Print nothing except the lines of the listing below from the line with "Ett stort antal" to the line with "Police Spokesperson ACP", each exactly as written, both ends included.

* [DATA FOR THE TASK]:
================

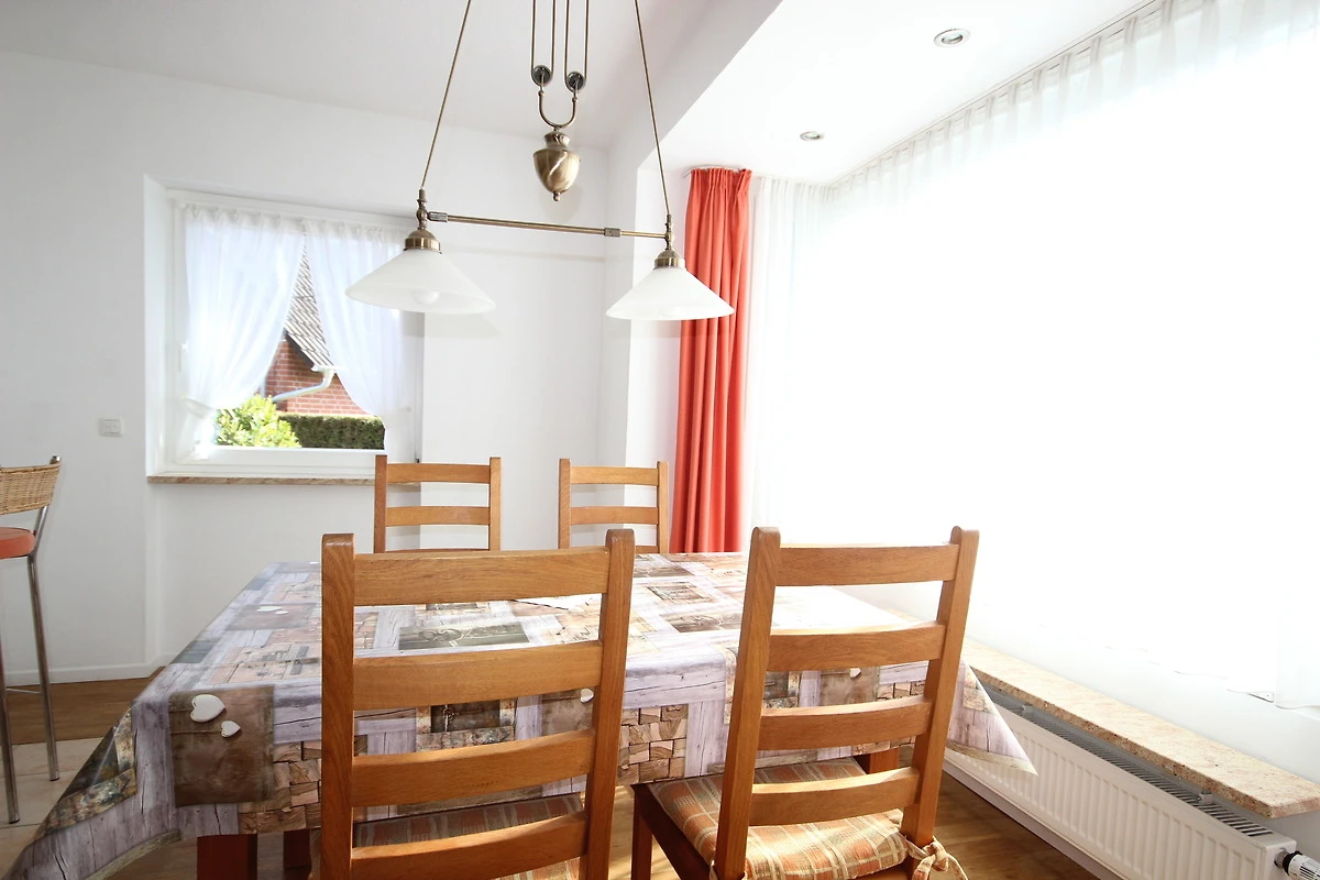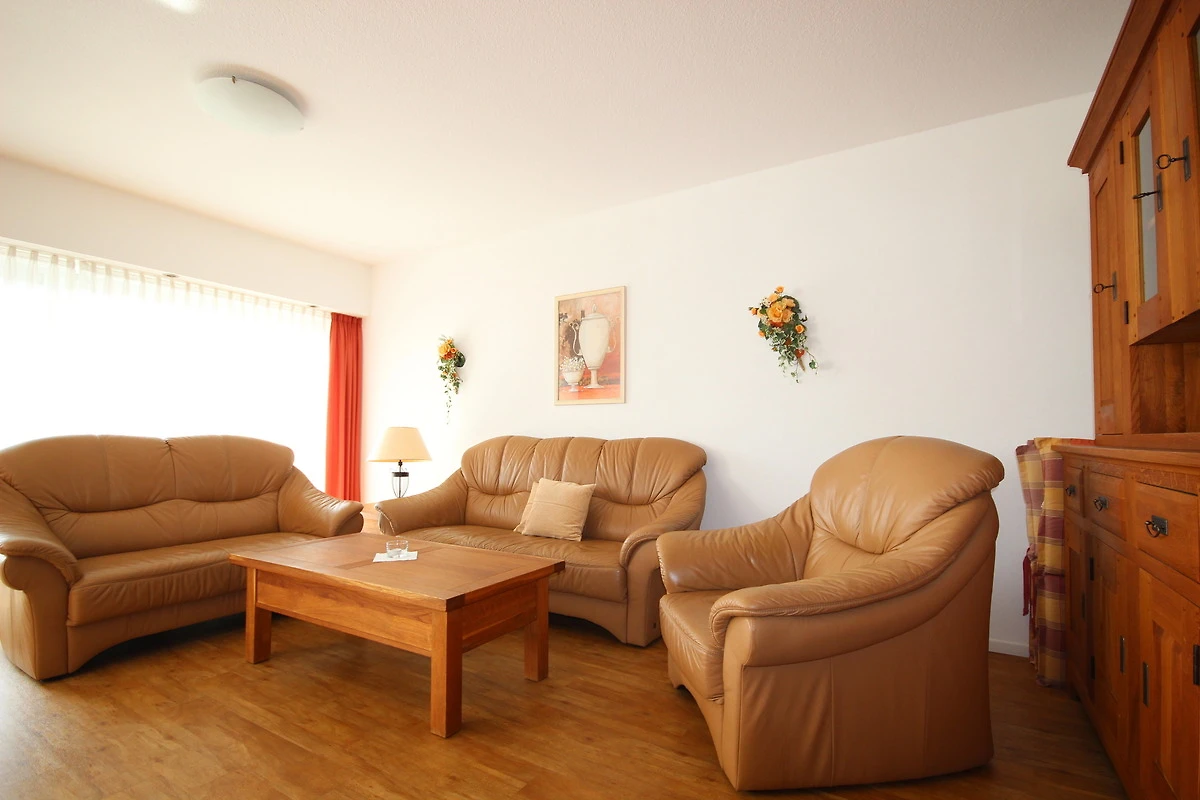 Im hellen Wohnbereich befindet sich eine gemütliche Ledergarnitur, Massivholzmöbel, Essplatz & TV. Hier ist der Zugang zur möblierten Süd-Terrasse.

================

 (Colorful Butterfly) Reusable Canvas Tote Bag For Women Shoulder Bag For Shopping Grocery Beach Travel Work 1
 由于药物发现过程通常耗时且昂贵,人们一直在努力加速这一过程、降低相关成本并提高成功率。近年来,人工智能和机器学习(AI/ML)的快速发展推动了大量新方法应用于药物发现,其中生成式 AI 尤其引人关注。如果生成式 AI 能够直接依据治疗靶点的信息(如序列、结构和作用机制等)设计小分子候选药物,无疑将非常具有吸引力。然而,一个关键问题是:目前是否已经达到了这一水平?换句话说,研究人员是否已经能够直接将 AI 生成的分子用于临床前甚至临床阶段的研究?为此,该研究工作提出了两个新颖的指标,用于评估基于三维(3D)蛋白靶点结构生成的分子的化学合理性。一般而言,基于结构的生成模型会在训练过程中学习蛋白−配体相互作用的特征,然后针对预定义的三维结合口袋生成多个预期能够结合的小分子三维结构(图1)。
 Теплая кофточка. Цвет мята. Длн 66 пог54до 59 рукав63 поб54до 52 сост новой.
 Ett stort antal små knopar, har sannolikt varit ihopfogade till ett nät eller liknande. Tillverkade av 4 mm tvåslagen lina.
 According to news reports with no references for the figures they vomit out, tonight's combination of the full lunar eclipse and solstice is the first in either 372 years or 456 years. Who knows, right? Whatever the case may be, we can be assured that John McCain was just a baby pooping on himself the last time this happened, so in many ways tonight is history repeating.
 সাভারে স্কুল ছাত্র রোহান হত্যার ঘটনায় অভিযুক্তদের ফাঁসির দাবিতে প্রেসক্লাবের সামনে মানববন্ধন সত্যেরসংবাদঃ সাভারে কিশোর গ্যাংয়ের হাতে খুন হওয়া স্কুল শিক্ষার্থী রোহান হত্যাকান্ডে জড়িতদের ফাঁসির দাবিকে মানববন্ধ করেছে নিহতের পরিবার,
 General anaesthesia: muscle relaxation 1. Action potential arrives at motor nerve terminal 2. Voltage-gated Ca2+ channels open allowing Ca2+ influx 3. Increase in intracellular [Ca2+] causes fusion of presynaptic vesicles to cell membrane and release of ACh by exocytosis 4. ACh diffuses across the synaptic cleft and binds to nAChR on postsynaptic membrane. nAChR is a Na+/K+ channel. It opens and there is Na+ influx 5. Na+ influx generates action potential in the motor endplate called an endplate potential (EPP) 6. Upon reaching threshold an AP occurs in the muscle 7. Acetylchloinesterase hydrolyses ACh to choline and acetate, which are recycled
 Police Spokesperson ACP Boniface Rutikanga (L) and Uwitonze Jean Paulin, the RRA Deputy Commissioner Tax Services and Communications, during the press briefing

================

* [WRITTEN ANSWER]:
 Ett stort antal små knopar, har sannolikt varit ihopfogade till ett nät eller liknande. Tillverkade av 4 mm tvåslagen lina.
 According to news reports with no references for the figures they vomit out, tonight's combination of the full lunar eclipse and solstice is the first in either 372 years or 456 years. Who knows, right? Whatever the case may be, we can be assured that John McCain was just a baby pooping on himself the last time this happened, so in many ways tonight is history repeating.
 সাভারে স্কুল ছাত্র রোহান হত্যার ঘটনায় অভিযুক্তদের ফাঁসির দাবিতে প্রেসক্লাবের সামনে মানববন্ধন সত্যেরসংবাদঃ সাভারে কিশোর গ্যাংয়ের হাতে খুন হওয়া স্কুল শিক্ষার্থী রোহান হত্যাকান্ডে জড়িতদের ফাঁসির দাবিকে মানববন্ধ করেছে নিহতের পরিবার,
 General anaesthesia: muscle relaxation 1. Action potential arrives at motor nerve terminal 2. Voltage-gated Ca2+ channels open allowing Ca2+ influx 3. Increase in intracellular [Ca2+] causes fusion of presynaptic vesicles to cell membrane and release of ACh by exocytosis 4. ACh diffuses across the synaptic cleft and binds to nAChR on postsynaptic membrane. nAChR is a Na+/K+ channel. It opens and there is Na+ influx 5. Na+ influx generates action potential in the motor endplate called an endplate potential (EPP) 6. Upon reaching threshold an AP occurs in the muscle 7. Acetylchloinesterase hydrolyses ACh to choline and acetate, which are recycled
 Police Spokesperson ACP Boniface Rutikanga (L) and Uwitonze Jean Paulin, the RRA Deputy Commissioner Tax Services and Communications, during the press briefing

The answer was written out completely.